Top of Material for this task

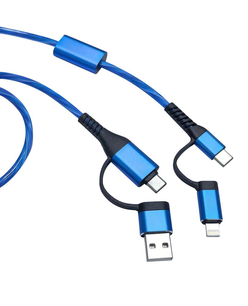Exklusiver Hingucker! Ladestand am Stromfluss erkennbar. Das LED Kabel zeigt den jeweiligen Ladestatus über die LED-Bewegung im Kabelmaterial. Unser ALU 4 in 1 FLOW LED Ladekabel. mit Metall Steckern ist ca. 100 cm lang. High End ALU USB Type-C Stecker mit Adapter auf Type A Stecker auf Type-C Stecker mit Adaptern für iPhone Lightning. Mit schwarzem Kabel Organizer. Output bis ca. 3A Quickcharge Einzelverpackt im schwarzen Geschenkkarton. Patentiert in den USA, Schweden und EU
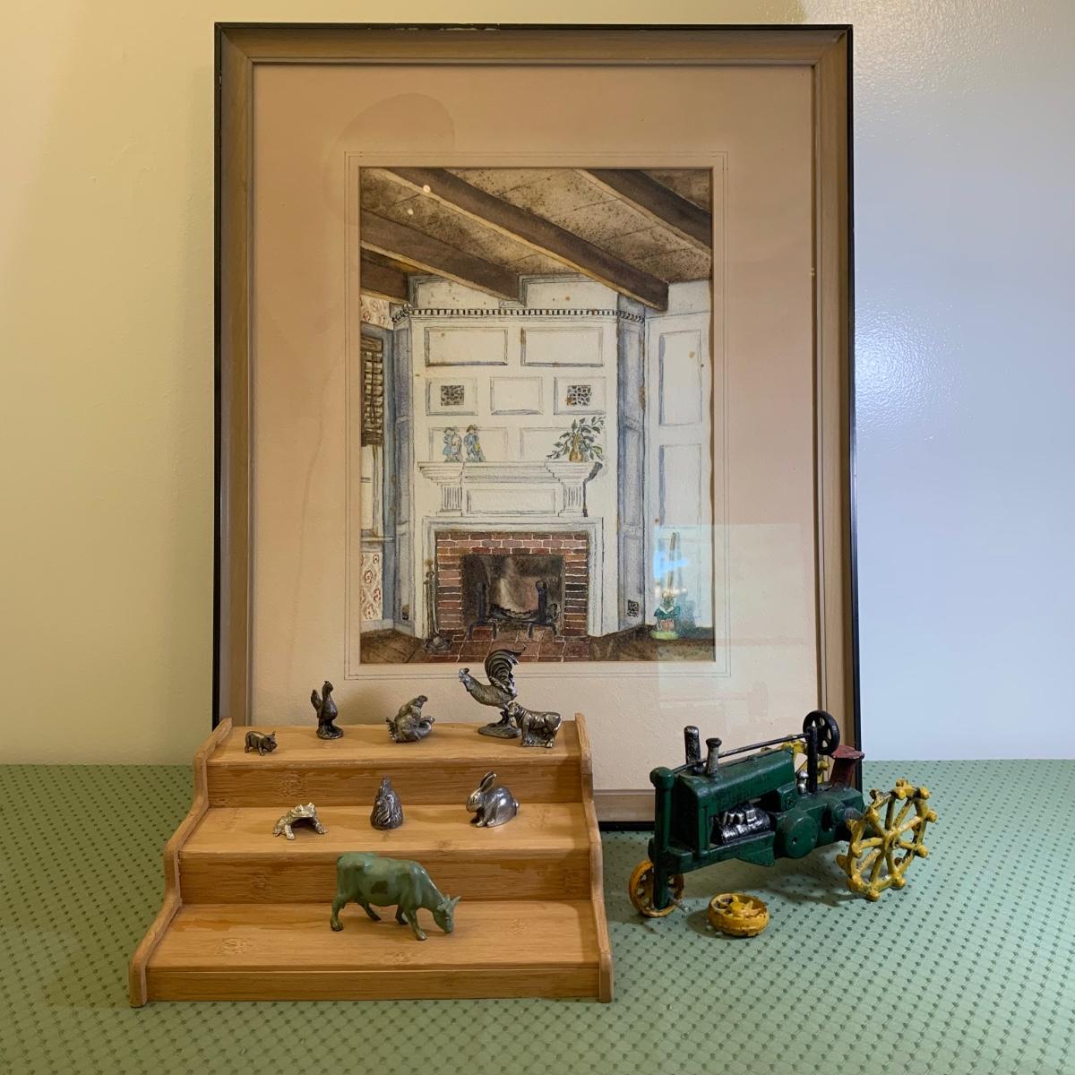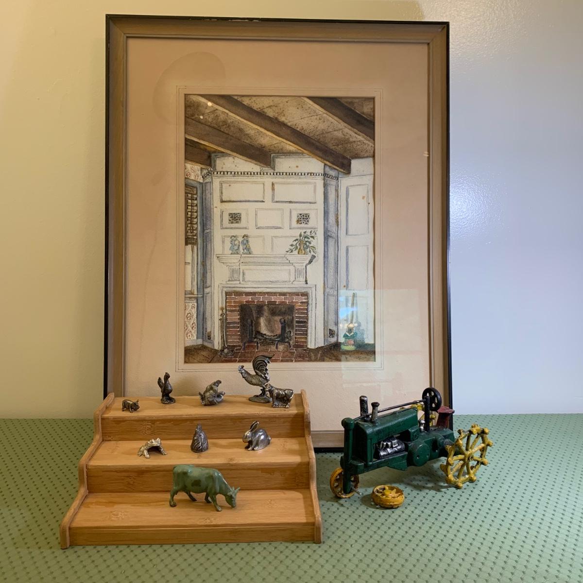 Lot 189: Farm House Collectables with Cast Iron Tractor Hudson and Perth Pewter Animal Figures, Framed Watercolor  and More
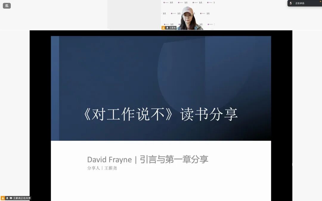 紧接着,来自北京科技大学的谢靓同学和来自南开大学的袁语浩同学带我们深入了前三章,探讨了工作的殖民力量以及部分现代工作是如何消耗我们的时间、索取我们的情感、影响我们的情绪,从而陷入“工作-消费”这一循环牢笼的。
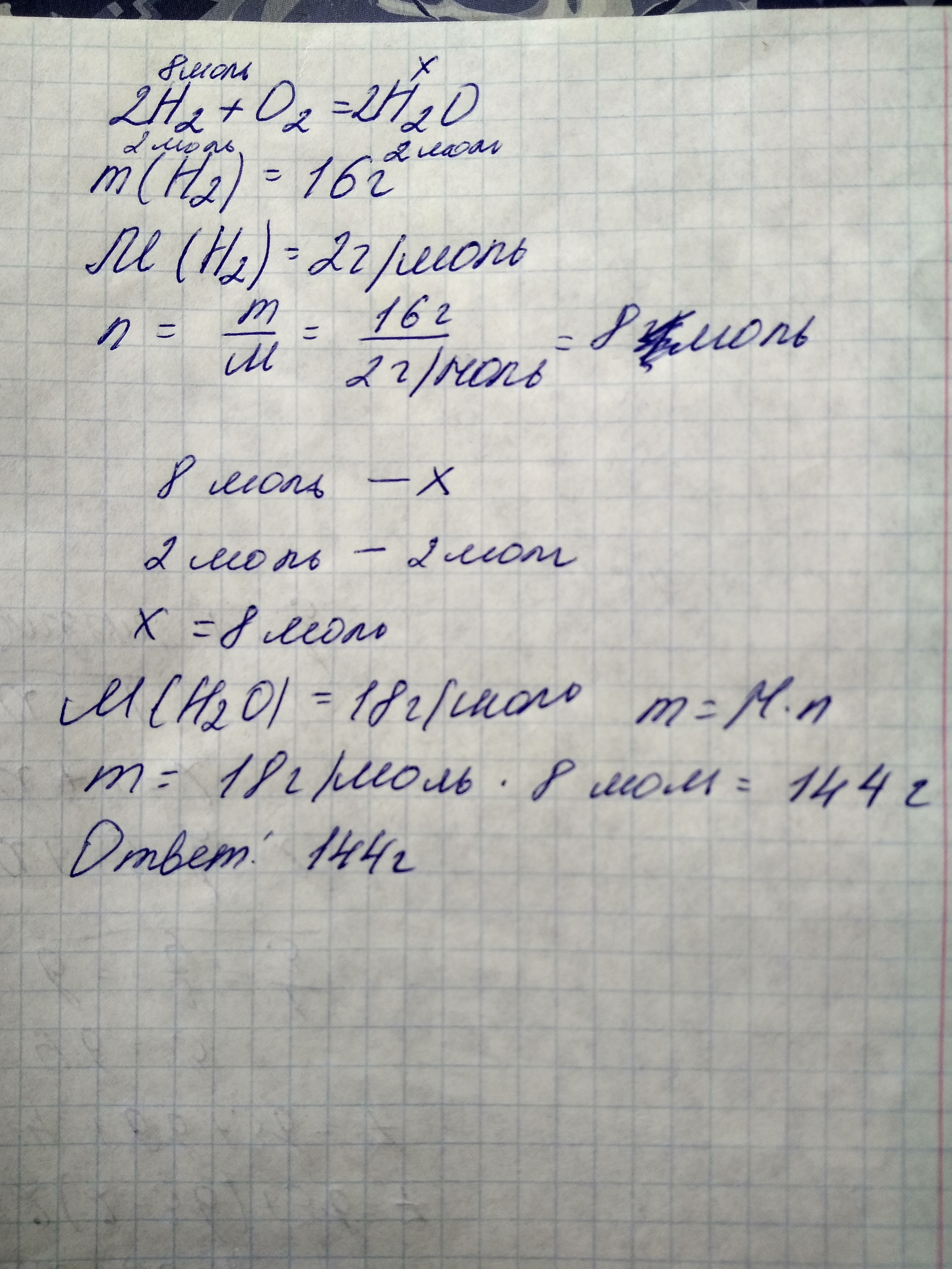 Помогите, пожалуйста !!!!!Вычислить массу образующейся воды при взаимодействии 16г. водорода с кислородом.
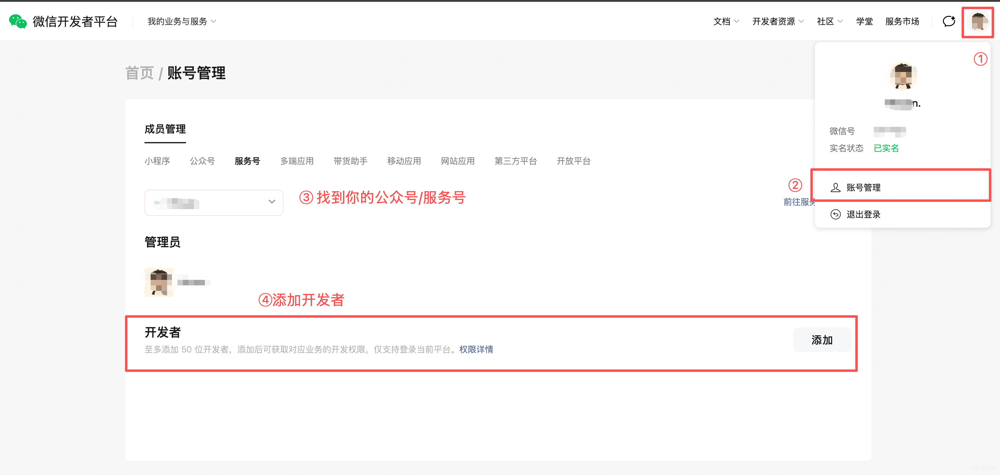 1、公众号/服务号管理员扫码登录微信开发者平台 https://developers.weixin.qq.com/platform -> 右上角头像 -> 账号管理 -> 找到你的公众号/服务号 就可以操作添加开发者了。
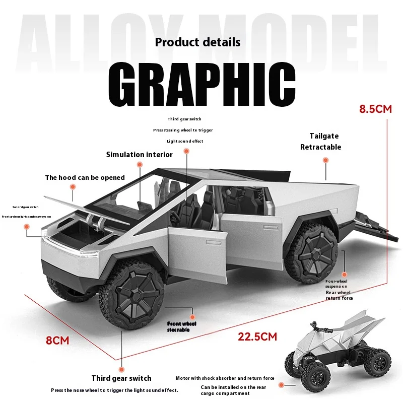 Experience the modern, futuristic appeal of this 1:24 scale diecast SUV model, crafted from durable metal and available in striking green, grey, or silver finishes. Its angular design with flat panels, sharp lines, and rugged black tires with deep treads creates a bold, off-road look. The model includes a button battery for illumination or electronic features, enhancing its visual impact. Ideal for collectors and enthusiasts aged 14 and above, this trendy decorative ornament makes a perfect holiday gift or display piece. Its sleek, geometric aesthetic and detailed construction ensure it stands out as a stylish addition to any collection or modern decor.
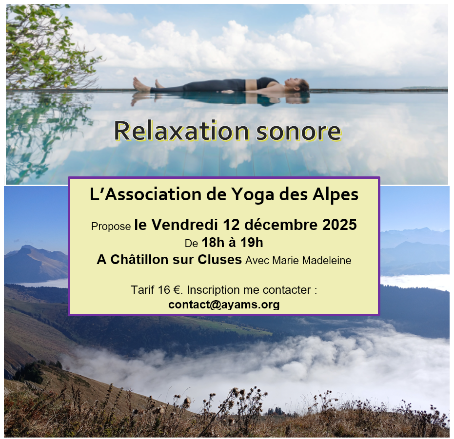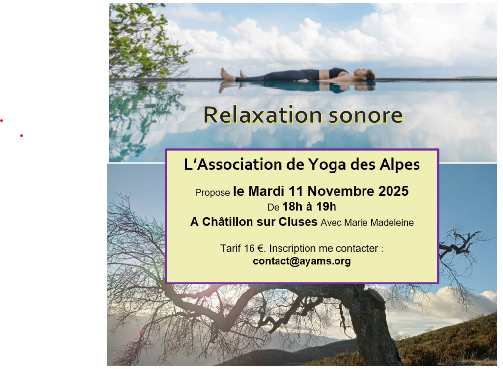 Possibilité de réserver ou d’offrir pour un groupe de 5 à 10 personnes une relaxation sonore Possibilité de participer à des cours en ligne en Yoga ou en Qi Gong ; Pour toutes infos prends contact
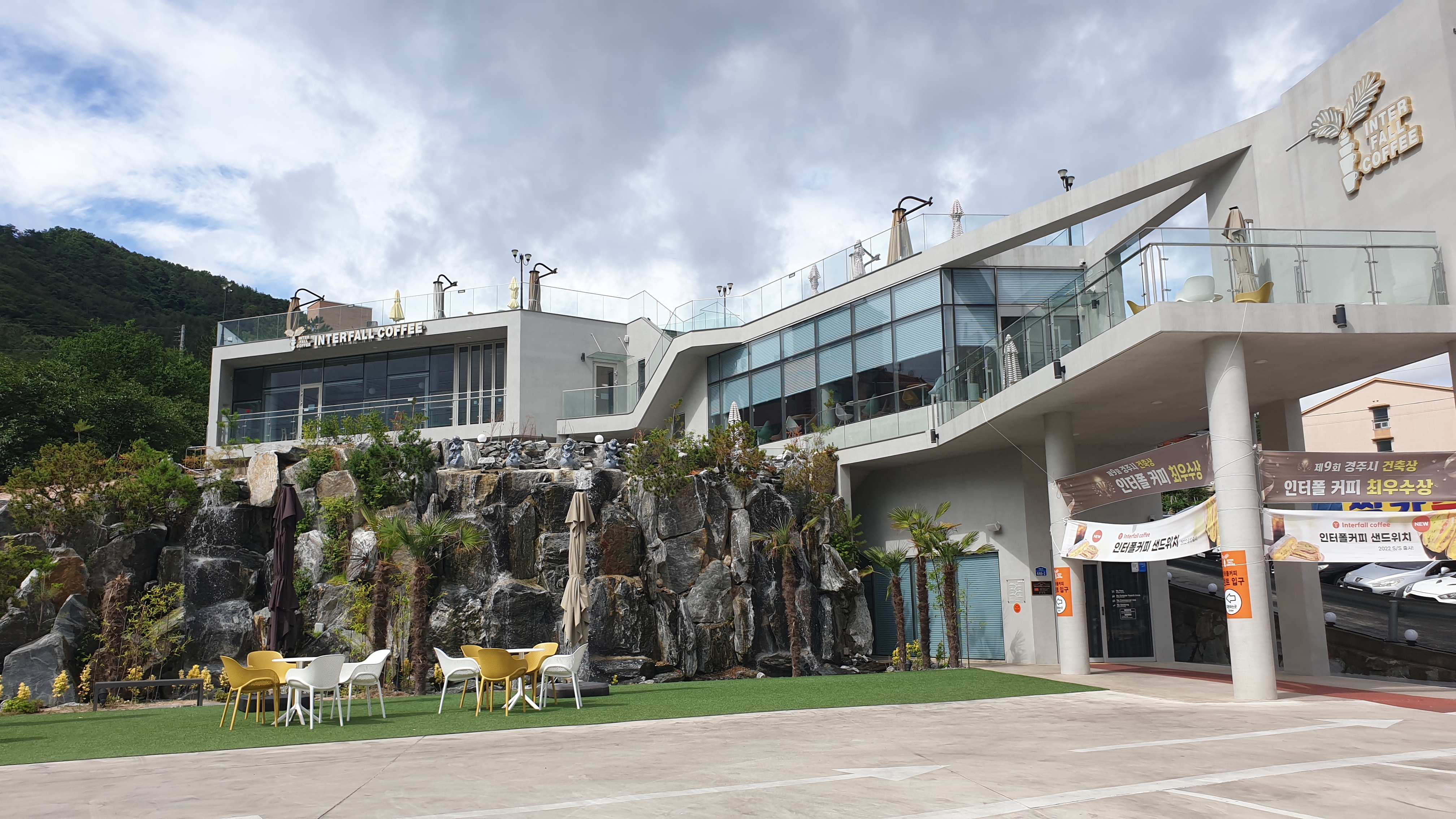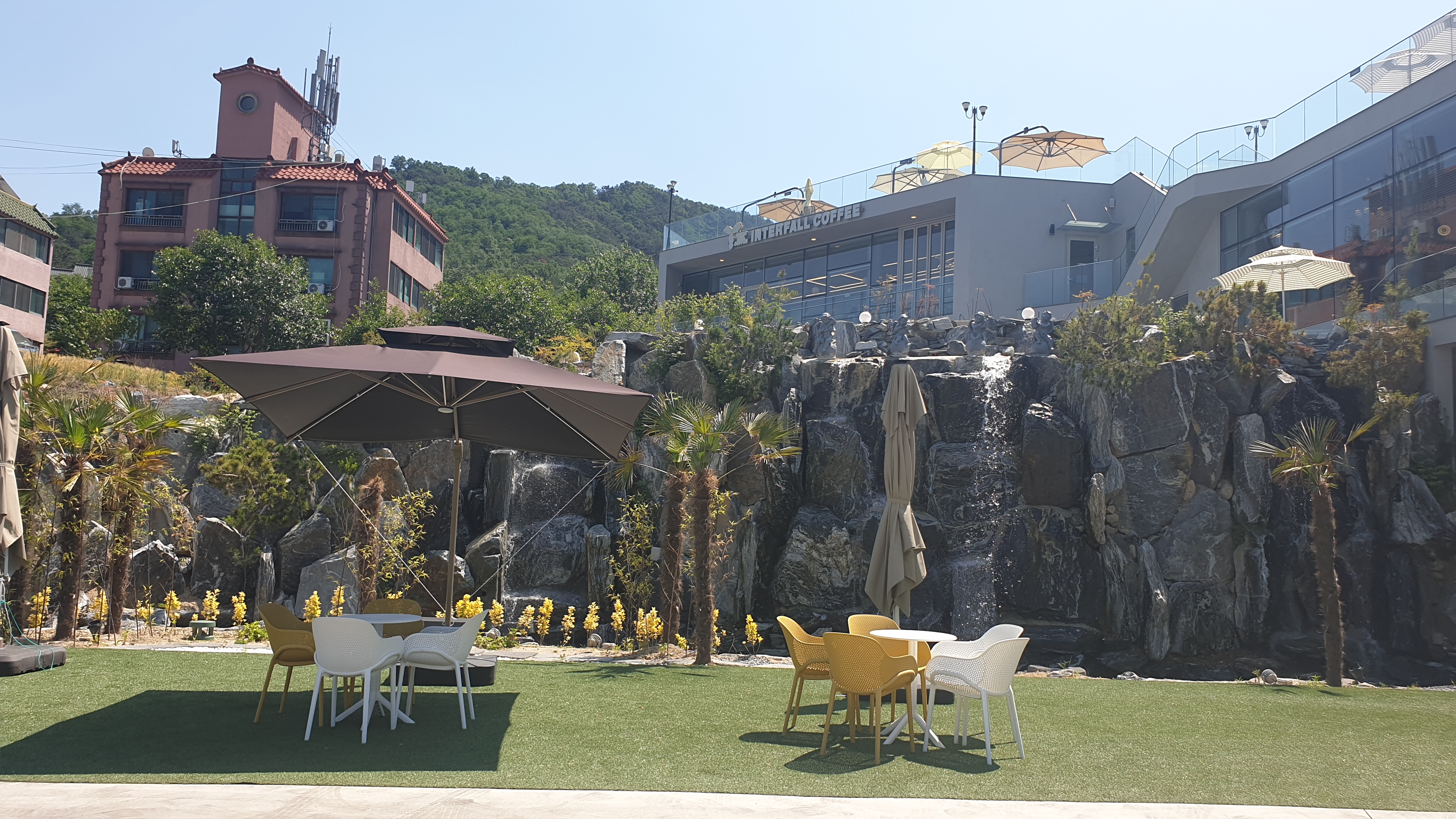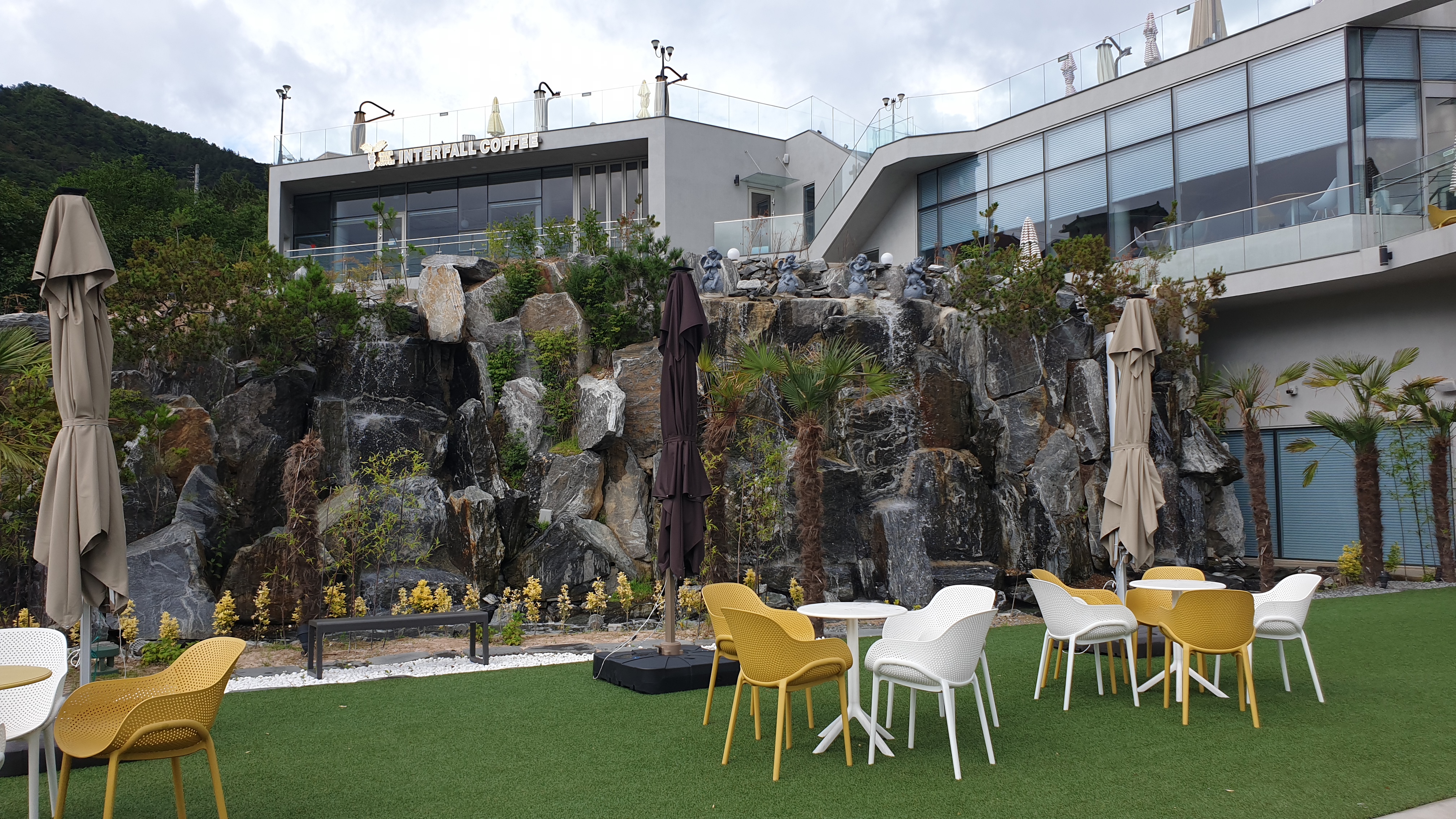주차장 앞에 폭포가 있고 위로 올라가면 커피숍이 있답니다
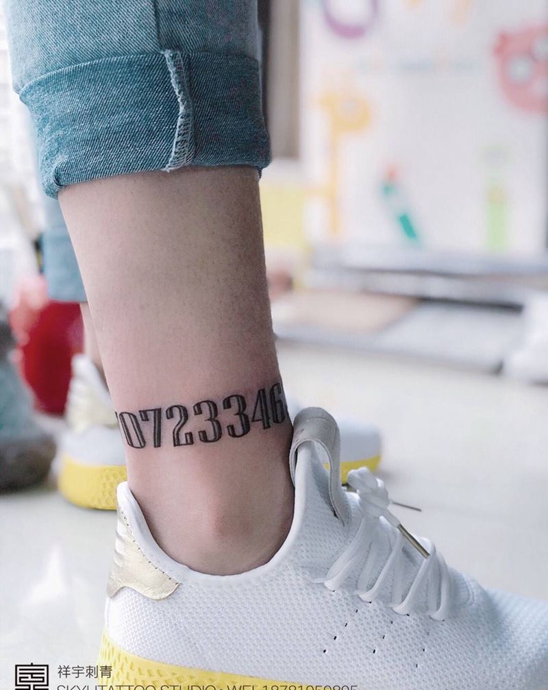 小清新数字纹身图片_成品脚部字符清新纹身图案
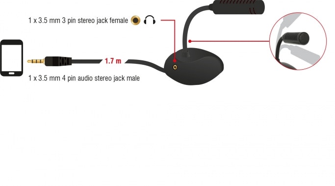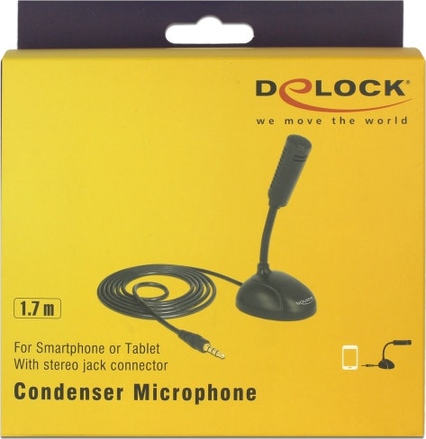 DeLOCK 65872. Tipo: Mobile phone/smartphone microphone, Sensibilidad de micrófono: -32 dB, Frecuencia de micrófono: 100 - 13000 Hz. Tecnología de conectividad: Alámbrico, Interfaz del dispositivo: 3.5 mm (1/8 ""), Longitud de cable: 1,7 m. Color del producto: Negro, País de origen: China. Ancho: 64 mm, Profundidad: 55 mm, Altura: 143 mm. Tipo de embalaje: Envase para colgar

Bottom of Material for this task

◆ Problem details
Exactly the lines from the start of the entries above through the line with "-> 找到你的公众号/服务号 就可以操作添加开发者了。" should be reproduced, and nothing else; drop the pictures.

◆ Task solution
Exklusiver Hingucker! Ladestand am Stromfluss erkennbar. Das LED Kabel zeigt den jeweiligen Ladestatus über die LED-Bewegung im Kabelmaterial. Unser ALU 4 in 1 FLOW LED Ladekabel. mit Metall Steckern ist ca. 100 cm lang. High End ALU USB Type-C Stecker mit Adapter auf Type A Stecker auf Type-C Stecker mit Adaptern für iPhone Lightning. Mit schwarzem Kabel Organizer. Output bis ca. 3A Quickcharge Einzelverpackt im schwarzen Geschenkkarton. Patentiert in den USA, Schweden und EU
 Lot 189: Farm House Collectables with Cast Iron Tractor Hudson and Perth Pewter Animal Figures, Framed Watercolor  and More
 紧接着,来自北京科技大学的谢靓同学和来自南开大学的袁语浩同学带我们深入了前三章,探讨了工作的殖民力量以及部分现代工作是如何消耗我们的时间、索取我们的情感、影响我们的情绪,从而陷入“工作-消费”这一循环牢笼的。
 Помогите, пожалуйста !!!!!Вычислить массу образующейся воды при взаимодействии 16г. водорода с кислородом.
 1、公众号/服务号管理员扫码登录微信开发者平台 https://developers.weixin.qq.com/platform -> 右上角头像 -> 账号管理 -> 找到你的公众号/服务号 就可以操作添加开发者了。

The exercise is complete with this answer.